Here we are starting another season of Lent, where Catholics the world over give up something they like for 40 days in an effort to honor the sacrifice Jesus made for everyone. Sean has given up the computer. Erin is TV-free. Duncan put aside the chocolate.
What have I given up? Nothing.
It’s not for lack of faith or gratitude. It’s not even the move of a curmudgeon who doesn’t like to follow the rules. It’s just that I’ve given up everything already.
I no longer smoke.
I no longer drink.
I don’t eat flour or sugar, which means I don’t eat candy.
As for giving up coffee, my family won’t let me. They fear the monster I would become (not that I’d ever give up coffee anyway).
Instead, I’m going to try and build something: My communication skills.
You might be thinking that’s ridiculous. I communicate in this blog all the time, after all. I’ve told you about every skeleton in my closet.
The thing is, for all my ability with the written word, I suck at face-to-face communication, especially when my mind is in a depressed fog. The folks who suffer the most for this are those closest to me.
I’ve tried hard to demolish the wall I hide behind when my mind isn’t right. But whenever I think I’ve made progress, shit happens and I find it’s taller and thicker than ever.
Far as I can tell, I do make progress, but then I take my eye off the wrecking ball and the wall rebuilds itself when I’m busy internalizing everything.
For all the sharing I do in this blog, sometimes it’s still ridiculously hard to open up to those closest to me. One reason is that I’m still a selfish bastard sometimes. I get so wrapped up in my work and feelings that it becomes almost impossible to see someone else’s side of things.

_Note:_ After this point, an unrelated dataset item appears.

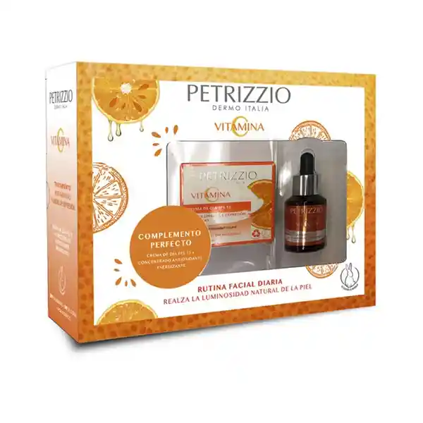 Set Petrizzio Contiene 2 Unidades: Crema Suave Liviana y Fácil de Esparcir 1 Und + Suero de Vitamina C 1 Und. Que es un Potente Antioxidante y Potenciador en la Formación de Colágeno.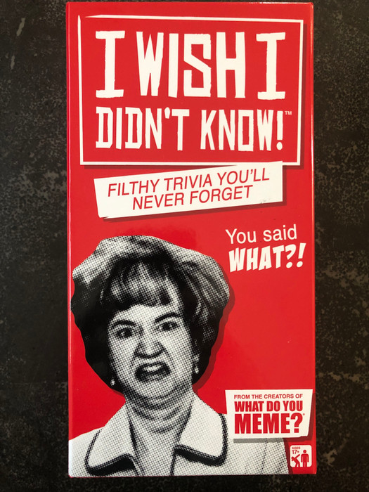 I WISH I DIDN’T KNOW: Compete with your friends and family by guessing which gross fact is actually true. Just read off the answer choices and hear your audience groan! By the end, you’ll all be experts on all things you wish you didn’t know. Brought to you by the creators of What Do You Meme.

I also don’t like to be in a situation where there’s yelling. There was plenty of that growing up, and I tend to avoid arguments with loved ones at all costs. Putting up a wall can be a bitch for any relationship, because sooner or later bad feelings will race at that wall like a drunk behind the wheel of a Porsche and slam right into it. Some bricks in the wall crack and come loose, but by then it can be too late. Relationships are totaled.
I’m starting to believe this is a chronic condition hardened by my early history. But that doesn’t mean I’m going to sit here and accept it.
Working on that communication is like building a better wrecking ball to smash the wall with. It’s a goal worthy of Lent, methinks.
I’ll keep you posted on my progress.